La hermosa Dama Mona Roseheart, su madre, abrió sus ojos azul pálido. —Eres realmente amable, Nero —dijo—. ¿No sientes resentimiento hacia mí y tu padre? Decidimos escapar de este mundo con Neoma. Y la única razón por la que decidimos dejarte aquí es para que gobernases el imperio.
—Debe haber una razón por la que necesitaba convertirme en emperador.
Su madre asintió lentamente. —Un de Moonasterio necesita sentarse en el trono porque solo el Resplandor Lunar de un de Moonasterio podría mantener las puertas vivas.
—¿Las puertas que conducen a otro mundo? —preguntó con curiosidad—. ¿Hay más de una? ¿Significa que hay otros mundos además de aquel del que vino Neoma?
—Sí, hay otros mundos además de ese —confirmó su madre—. Pero solo logré abrir uno.
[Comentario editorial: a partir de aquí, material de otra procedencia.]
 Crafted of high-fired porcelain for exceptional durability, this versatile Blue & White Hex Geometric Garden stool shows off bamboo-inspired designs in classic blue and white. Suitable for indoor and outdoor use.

Conduce a un mundo llamado Tierra, y es donde está ubicado el país llamado Corea.
—¿Es ese el país de donde tú y Neoma venís, Madre?
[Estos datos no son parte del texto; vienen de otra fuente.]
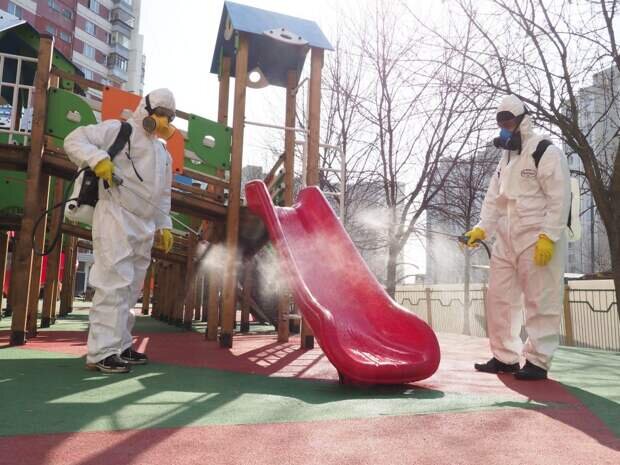 В пресс-службе уточнили, что сотрудники управляющих компаний обрабатывают специальными обеззараживающими растворами детские и спортивные площадки, малые игровые формы, детские качели во дворах многоквартирных домов.

—Sí —dijo, y luego su expresión se volvió fría—. Era el país donde creció Neoma. Pero yo solo pude quedarme allí unos pocos años.
Ahora estaba confundido. —¿Qué quieres decir con eso, Madre?
—Nero, te mostraré algunos de mis recuerdos —dijo su madre, y extendió sus manos hacia él—. Será más fácil mostrarte que contarte lo que ocurrió en el pasado.
Nero tomó las manos de su madre y cerró los ojos.
***
MONA se agarró la cabeza y cerró los ojos con fuerza cuando de repente sintió como si su cráneo se partiera en dos.
Por alguna razón, imágenes desconocidas que parecían recuerdos comenzaron a inundar su mente. Para su sorpresa, esos recuerdos le pertenecían. Las imágenes aparecían tan rápido que apenas entendía lo que estaba sucediendo.
Podía ver un vistazo del futuro. Pero lo que estaba viendo ahora eran recuerdos del pasado.
Un pasado que no podía recordar.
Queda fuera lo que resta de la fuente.